When I was 8, she had become concerned about racial inequality and in particular how black children in the south didn’t get to start off from the same equal beginning point in school. She got involved in Head Start and then a couple years later switched to being a full-time elementary school teacher, always teaching in the schools in Valdosta GA that were designated “underprivileged”. Some of her students had never actually seen a white person at close range. She taught at Central Elementary and then at West Gordon, and regularly conspired with an administrator, Mr. Virgil Beck, to try to secure an equitable portion of the town’s educational funds for their schools. She didn’t talk much about social politics, just enough to inform us of why she wanted to do this. Picket signs weren’t her kind of thing. She just did what she believed in.

(She also became the first woman in the Methodist Church to show up for a church function in a pantsuit, in 1966 or thereabouts. She later overheard some other women chatting: “If Missus Hunter can do it, I’m going to do it too”)
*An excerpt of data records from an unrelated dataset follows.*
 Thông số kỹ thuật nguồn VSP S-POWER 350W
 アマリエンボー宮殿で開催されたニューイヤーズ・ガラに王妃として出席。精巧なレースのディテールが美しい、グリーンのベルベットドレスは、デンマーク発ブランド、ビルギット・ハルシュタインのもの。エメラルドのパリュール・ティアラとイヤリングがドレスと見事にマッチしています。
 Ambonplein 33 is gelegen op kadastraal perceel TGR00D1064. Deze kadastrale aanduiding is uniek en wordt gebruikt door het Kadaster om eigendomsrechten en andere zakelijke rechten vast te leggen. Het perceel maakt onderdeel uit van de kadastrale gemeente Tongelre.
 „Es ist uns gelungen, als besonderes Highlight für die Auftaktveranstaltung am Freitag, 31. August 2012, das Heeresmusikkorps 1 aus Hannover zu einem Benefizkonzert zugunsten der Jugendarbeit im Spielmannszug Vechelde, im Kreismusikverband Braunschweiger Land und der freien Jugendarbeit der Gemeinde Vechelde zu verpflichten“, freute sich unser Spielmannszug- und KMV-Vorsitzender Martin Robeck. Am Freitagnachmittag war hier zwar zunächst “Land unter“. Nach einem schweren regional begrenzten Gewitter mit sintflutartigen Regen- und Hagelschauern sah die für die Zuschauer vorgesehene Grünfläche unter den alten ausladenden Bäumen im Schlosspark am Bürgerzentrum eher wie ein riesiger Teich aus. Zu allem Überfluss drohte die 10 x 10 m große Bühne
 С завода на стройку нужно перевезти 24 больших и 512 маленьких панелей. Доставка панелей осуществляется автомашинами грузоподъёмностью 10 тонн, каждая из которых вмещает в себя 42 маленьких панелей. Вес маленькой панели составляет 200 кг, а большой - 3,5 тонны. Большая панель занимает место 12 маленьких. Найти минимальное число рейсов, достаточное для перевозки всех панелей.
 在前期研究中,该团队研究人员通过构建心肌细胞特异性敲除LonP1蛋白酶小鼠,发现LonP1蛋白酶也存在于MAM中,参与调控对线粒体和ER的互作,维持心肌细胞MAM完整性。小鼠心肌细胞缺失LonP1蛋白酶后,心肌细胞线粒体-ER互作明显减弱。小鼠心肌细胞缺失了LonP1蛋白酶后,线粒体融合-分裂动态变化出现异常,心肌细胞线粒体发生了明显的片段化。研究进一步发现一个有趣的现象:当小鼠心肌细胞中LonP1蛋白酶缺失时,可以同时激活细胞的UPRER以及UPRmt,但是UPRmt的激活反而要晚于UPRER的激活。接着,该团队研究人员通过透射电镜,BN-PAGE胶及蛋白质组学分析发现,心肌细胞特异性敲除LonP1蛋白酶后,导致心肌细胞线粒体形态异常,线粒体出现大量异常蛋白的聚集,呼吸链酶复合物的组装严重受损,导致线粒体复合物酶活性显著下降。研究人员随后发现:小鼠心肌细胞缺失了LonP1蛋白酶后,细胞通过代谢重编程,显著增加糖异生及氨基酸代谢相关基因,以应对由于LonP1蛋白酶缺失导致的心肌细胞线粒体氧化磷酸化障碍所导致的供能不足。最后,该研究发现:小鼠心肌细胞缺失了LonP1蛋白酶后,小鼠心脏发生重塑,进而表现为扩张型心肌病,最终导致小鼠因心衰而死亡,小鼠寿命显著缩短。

When I was in high school she went back to take adult education classes in differential equations and calculus and qualified to work at Los Alamos National Labs in the “CMB” division, doing spectroscopic analysis of nonmetallic (hence “ceramic”) materials. She was the first woman in her work group and there were some guys who didn’t want any women in there and were nasty and belligerent about it. She outlasted them and integrated the place, blazing a trail in her nonchalant quiet way.

She made a loving home and made me and my sister feel deeply cared for. It meant a lot in later years when the world beyond the walls of our home was not a very welcoming place for me.

When I was in my mid-30s and early 40s I enjoyed telling my friends that my 50-something Mom had taken up scuba diving and was out in the Caribbean exploring coral reefs and such.

She taught me how to cook her recipes. (I also inherited her kitchen mannerisms, dashing around and telling everyone to get out from underfoot, get out of my kitchen, don’t be in my way. My partner refers to it as “dervishing”). She taught me the beginnings of how to play the piano, and to sing.

1935-2018

Oh Ahunter, I am so, so very sorry. Please accept my condolences to you and your family.